I had a very comforting dream  last night. It was quite confusing in parts but at the same time comforting. I know that this sounds confusing in itself, but I assure you that as I explain the things that happened in it you’ll see why I say that. The person in my dream was not who everyone reading this would presume. It is equally someone I cannot see because of an education providers refusal to see that my issues don’t make me an awful person. I’ve been warned and as I’m on my final straw before I get imprisoned for my issues I can not be seen to be trying to push anyone else into friendships they do not want. This is why I was surprised that the person was in this dream. There is a high chance that they’ll never see this any way because like a lot of people, they don’t want to know.

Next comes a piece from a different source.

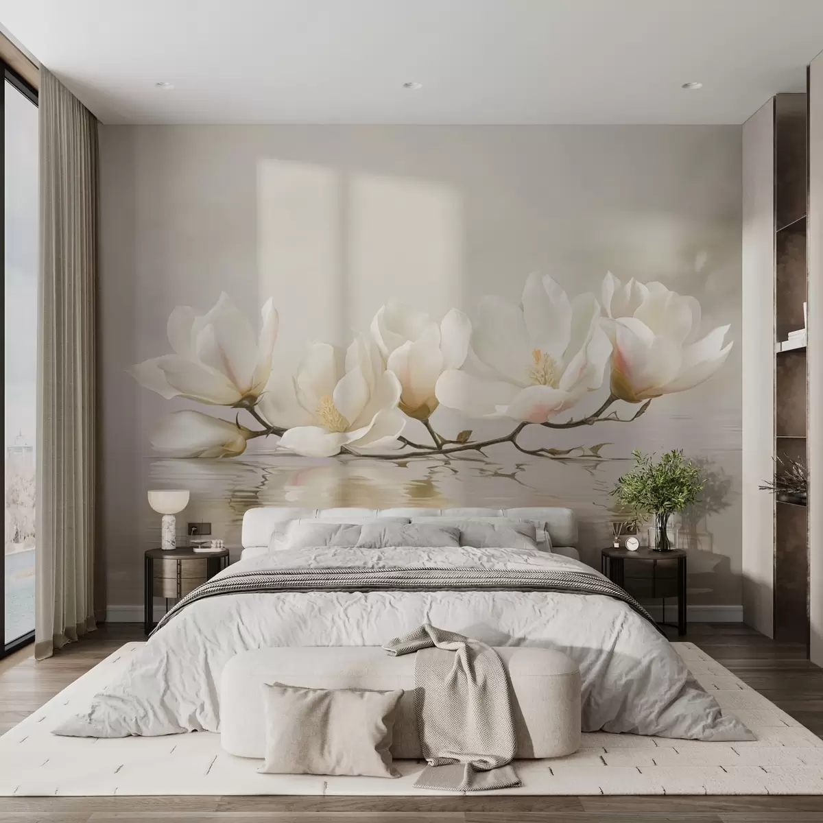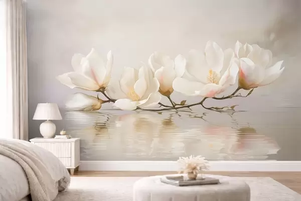 Fotobehang Lichte magnoliabloesems op tak boven waterreflectie N° w05353
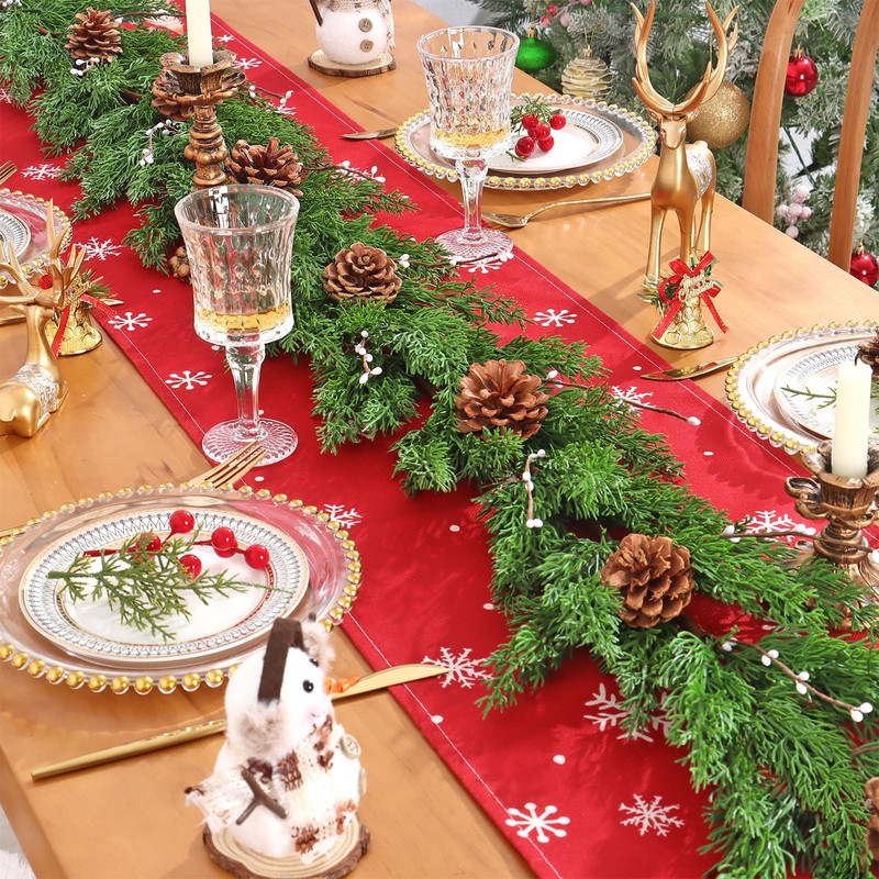 - 【Perfect Size for Easy Styling】Our pine Christmas garland measures 5.9 FT, giving you plenty of length to create stunning arrangements. Use one to drape over a mantel, pair two to wrap around a staircase, or cut (if needed) for smaller spaces like dining tables or shelves. Their flexible design lets you shape them into curves or swags, adapting to any decorating vision.

Back to the dream. It started off quite confusing and I can’t remember much of these bits. It’s very difficult to recall beginnings of dreams in general. It revolved around a complex with a shop , but everything was quite far from that shop. The person was working there. I don’t know parts of the dream but they showed absolutely no interest in me until I had a meltdown and was quite explicit about what I felt. Eg. Others getting attention and loved while I was being left on the sidelines because people were so quick to write me off. They then spent a bit of time with me and these were the lovely moments of the dream. There was a group of us and we were doing art at a table. I say art, well my paper just had colours on it. The person stood next to me for a while. General nice chit chat stuff, when I literally came out with ‘insert persons name, I’m gay’. Now, I would never do that in reality when talking to someone face to face. It was like I was saying those words as a child because it wasn’t in my adult voice. It was all lovely and I never wanted to wake up. I was paired up with a younger girl at the end. Then they asked me where I lived. I told them my old care home address (when I was in a care home for those with asds). The timeline is messed up because I didn’t know the person in my dream back then and I’ve not lived in the care home for 7 years. I knew I was about to wake up when everything went darker, everyone in the dream disappeared and I woke up to the cold reality of life where I know that I won’t ever have what the dream gave me. It felt so harsh especially since my flat was also quite chilly due to the heating being off all night.